Кроме того, правое неоконсервативное политическое движение всегда будет с властью. Не может не быть, ибо построено на собственности, причем крупной. А она (особенно в России) тесно связана с государством. Менеджер крупнейшей госкомпании не может, например, защищать Ходорковского, т.к. его судьба в буквальном смысле зависит от отношения к нему государства.
Поэтому, когда вы спрашиваете меня об объединении, я отвечаю: «ЯБЛОКО» очень серьезно к этому относится. Мы готовы работать вместе, но с теми, с кем у нас совпадают взгляды, идеология, политические цели, кто хочет использовать процесс не только для собственной реанимации, карьеры, обеспечения места в Думе. Мы открыты. Подготовлен план объединения, сейчас придирчиво его обсуждаем.
— Как искушенный политик вы понимаете значение оптимизма, витальности в глазах избирателей, показываете, что смятению нет места в ваших рядах. Так и хочется спросить, как все обстоит на самом деле? Но ведь не скажете...
— Почему? Сейчас трудно. С одной стороны, полицейское государство, с другой — олигархи, которые сражаются с ним по своим частным причинам, с третьей — мародеры, пытающиеся воспользоваться ситуацией в своих целях. Так уже год. Но мы стоим.
— Непростое положение: преодолеть в 2007 году семипроцентный барьер, очевидно, никому не удастся без демонстрации полной лояльности власти. В то же время, на последнем съезде «ЯБЛОКА» вы признали, что одной из причин поражения партии стало «отсутствие внятного отношения к президенту России». Проявлять размытость позиции больше нельзя. Итак, вы избрали отчетливый курс?

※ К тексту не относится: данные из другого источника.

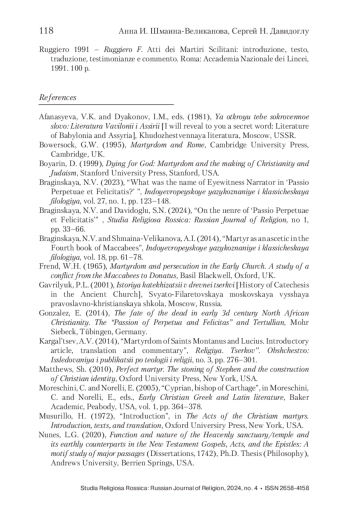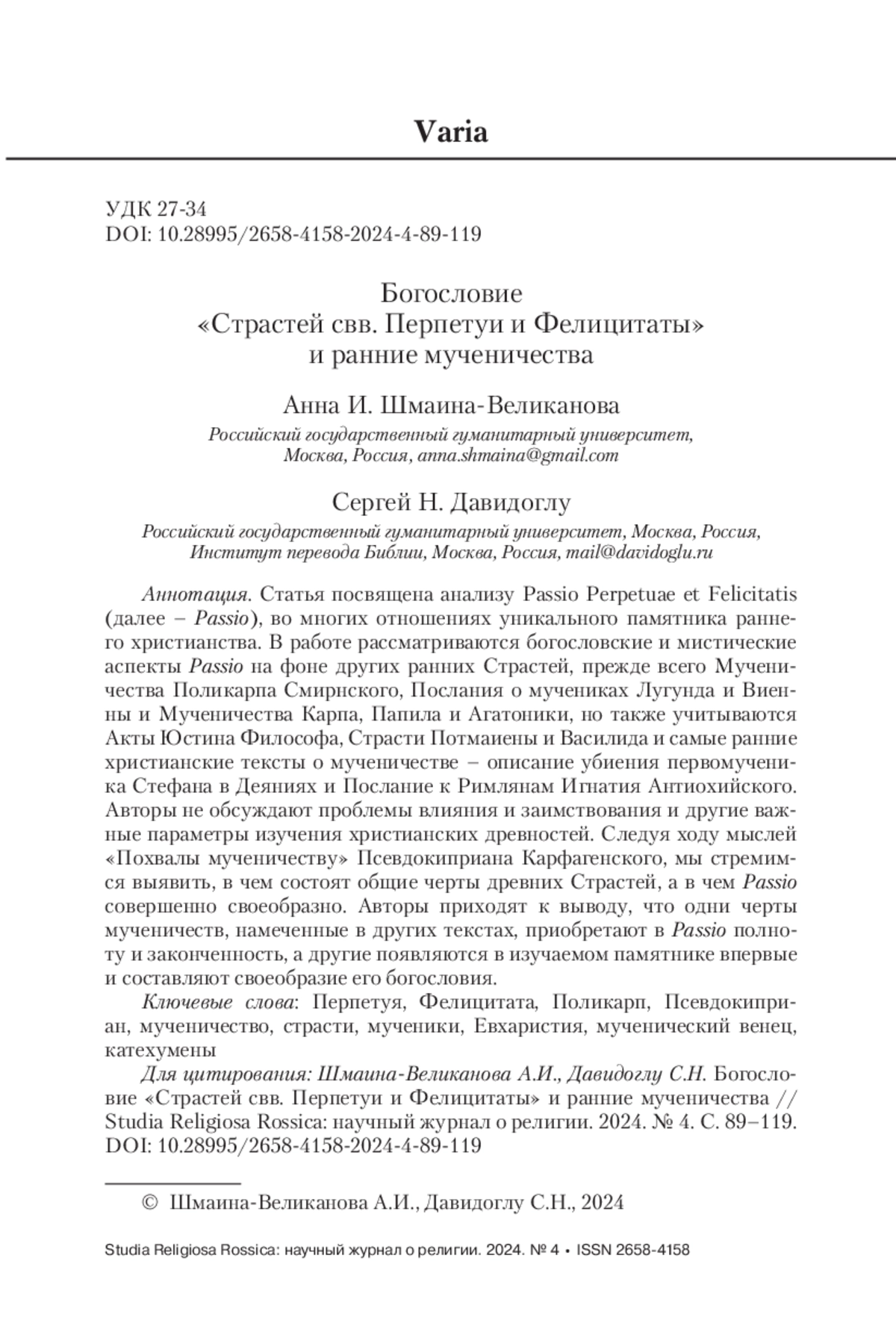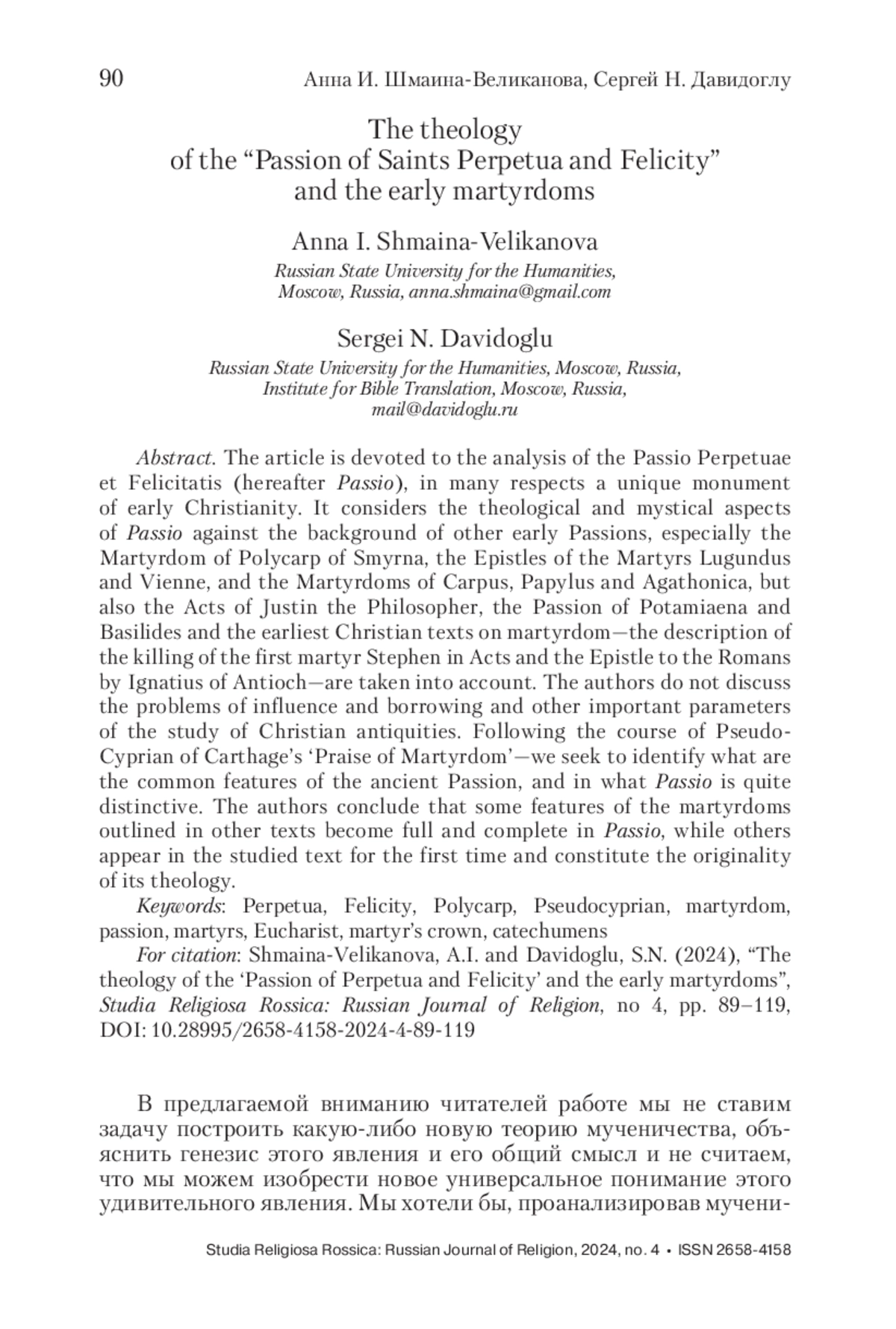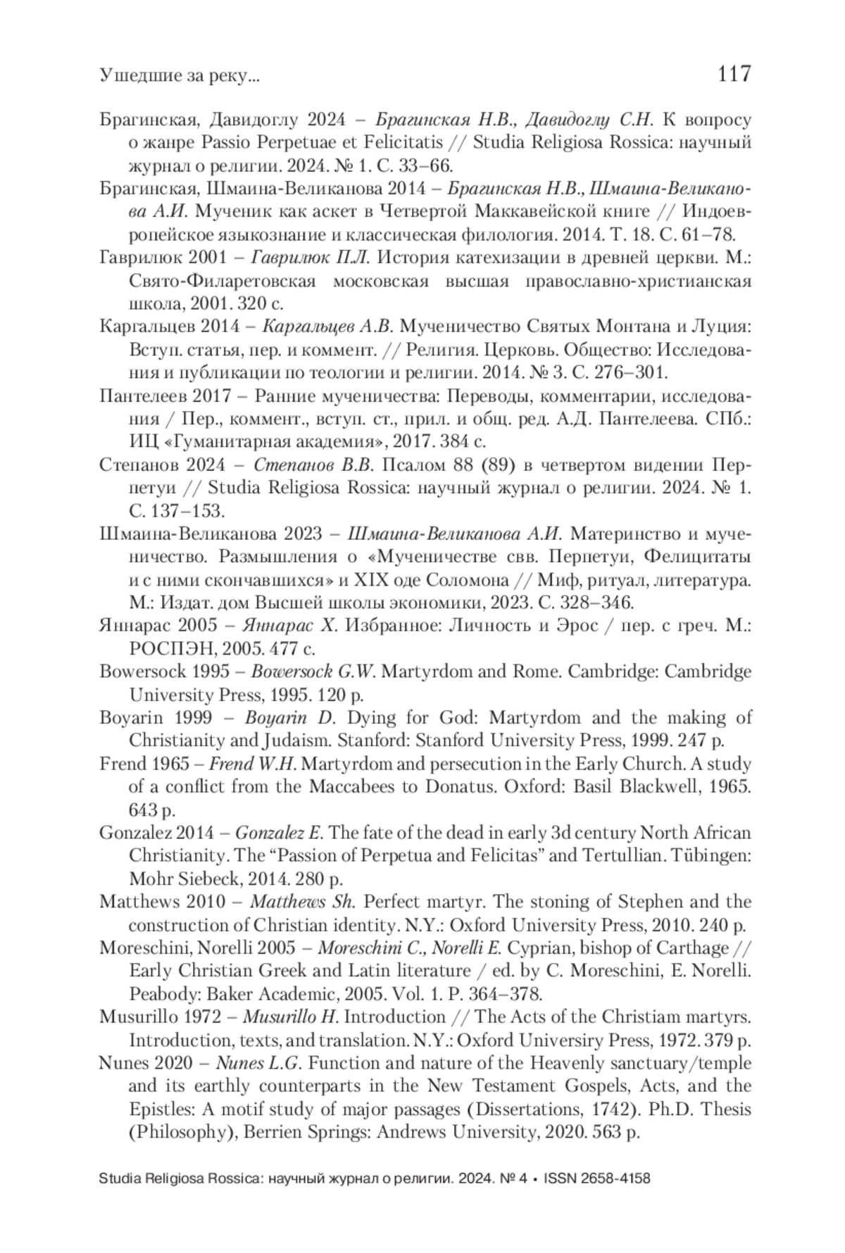 3. Брагинская, Давидоглу 2024 - Брагинская Н.В., Давидоглу С.Н. К вопросу о жанре Passio Perpetuae et Felicitatis // Studia Religiosa Rossica: научный журнал о религии. 2024. № 1. С. 33-66.
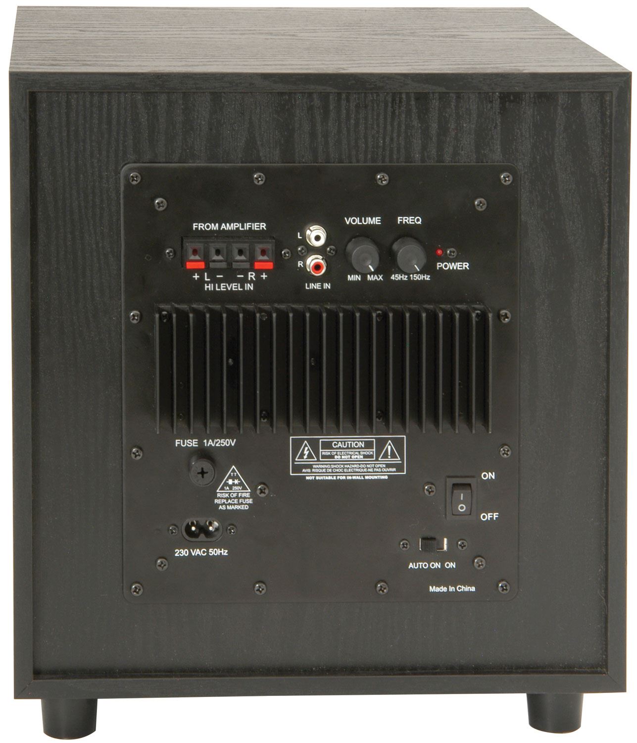 Power supply 220-250Vac, 50/60Hz (Fig 8)Driver 20cm (8") reinforced coneConnections Speaker level input terminals, RCA line level inRated output power 100WPeak output 200WFrequency response 50 - 250HzDimensions 300 x 330 x 300mmWeight 7.44kg

— Да, курс открытой оппозиции. Элиты часто критиковали «ЯБЛОКО» за чересчур жесткую оппозицию Ельцину, и с приходом нового президента мы несколько изменили тактику. Особенно после 11 сентября 2001 года, когда Путин развернул внешнюю политику в сторону борьбы с терроризмом. Мы сознательно пошли на компромисс, так как считали, что его внешняя политика 2001–2003 гг. была объективно необходима стране... Однако в 2004 году площадки для компромисса не стало. Мы разошлись в разные стороны. Сегодня считаем нужным четко сформулировать: политико-идеологическая концепция, которую реализует президент, ведет страну в исторический тупик. И не надо, повторю, строить никаких иллюзий по поводу преодоления семипроцентной планки. От того, что демократы получат свои стулья в Думе, ничего не изменится. Да и получить их в сложившейся системе на выборах невозможно. Их можно только выпросить. Вот если выборы будут честными и открытыми, «ЯБЛОКО» получит свои и 7, и 10 процентов. У партии ясная история, ясный взгляд на вещи, испытанный электорат.
— У кого выпросить?
— У президента... Но это уже не политика — это просто способ попадания в Думу.
— Однако вашим избирателям также важно иметь в парламенте представителей. Вряд ли их устраивает, что со своим замечательным лицом «ЯБЛОКО», извините, задвинуто. Вместе с их надеждами.
— Тем избирателям, которым все равно, как попадают в Думу — по сговору с властями или нет — могу сказать, что у них есть партии в Думе — «Единая Россия», «Родина», ЛДПР.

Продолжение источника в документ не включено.